Our kids went to a wonderful Spanish-immersion school and there was a little extra time built in before they started suggesting interventions simply because the students learn to read first in a language that is not their first language. But it was clear that he was “behind” by the time second grade was drawing to a close — The Other Children were reading well in Spanish, and some of them quite well in English, too. The school recommended summer school, a reading program, and a Spanish tutor for the summer.
I calmly asked if anyone was concerned that there was a learning difference/disability that needed to be addressed. They didn’t think so. I called a reading specialist and wise mother and told her of the school’s recommendations. And then I told her that our collective parenting gut was telling us to decline any programming whatsoever in favor of simply reading good books together all summer.
She was silent on the phone for several seconds. And then she whispered (whispered!) that she thought this was a wonderful idea. I’d been a storytime reader in her classroom before and she said she wondered if #1 Son wasn’t reading simply because he couldn’t read like I read quite yet — with all the inflection, voices, and fun. She said it was obvious to her that stories were very much alive for him, and when you’re being asked to read those very early books in which each word is not longer than four letters and most of them rhyme [Mat sat on the cat.]…well, it’s harder to make them come alive.
“Take the summer and read!” she whispered, as if she was telling me a secret that reading specialists don’t impart to the masses. “Read the very best books you can find and read your very best. See where he is in the fall.”
And so we did — we read all summer long. We read The Sword in the Stone and The Mouse and The Motorcycle. We read Peter and the Star Catchers and Stuart Little. We listened to Harry Potter and the Sorcerer’s Stone in the car on vacation and read Swallows and Amazons in the tent while camping. We went to the library every Friday and then on a picnic where we read stacks of picture books (his sister was two!) while we ate our PB&J. We visited our local kids’ bookstore with regularity and took our new books down to the lake and I read while they fed the ducks. I did not ask him to read “the next paragraph” or to sound out a word here and there. I just read — until I was hoarse, sometimes, I read.
At the end of the summer, we went to meet #1 Son’s third grade teacher. She was a no-nonsense grandmother and she got his number immediately. I loved her just as immediately. She took away the Clifford El Gran Perro Colorado picture books and handed him Harry Potter y la piedra filosofal. And he opened that thick novel and started reading — just like that.
It was a wonderful summer. She was a wonderful teacher. #1 Son is A Wonderful Reader (in two languages!), and he always was. He just didn’t “perform” until he was good and ready. (He still resists performing.)
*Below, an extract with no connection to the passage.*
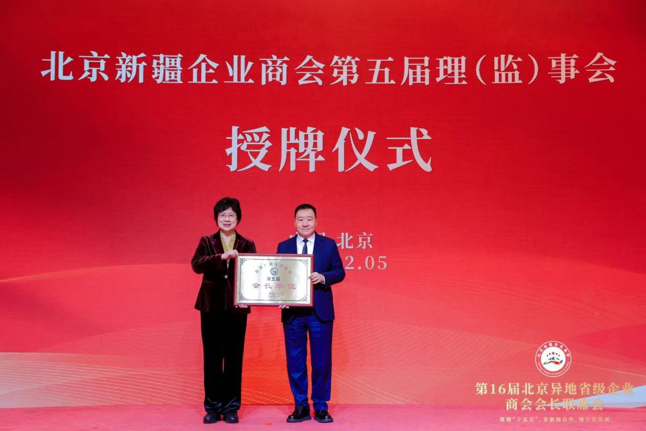 北京陕西企业商会会长江榕代表北京异地省级企业商会会长发言 会上,备受关注的北京新疆企业商会第五届理(监)事会授牌仪式正式举行,在全场嘉宾的见证下,相关领导依次为新一届理(监)事会领导班子授牌。接过沉甸甸的牌匾,新一届理(监)事会领导神情庄重,这不仅是一份荣誉,更是一份沉甸甸的责任与使命,标志着北京新疆企业商会迈入更加规范化、专业化、高质量发展的新阶段。

I told the worried mother our story. She nodded smartly. “That’s what we’re going to do,” she said. “If there’s actually a reading problem that needs to be addressed, we’ll address it, but I just don’t think we know that when he’s just six.” I wished them well and shared a booklist.
I envy the summer ahead of them. The Reading Summer was one of the best parenting decisions we ever made, I think. I hope it turns out as well for them.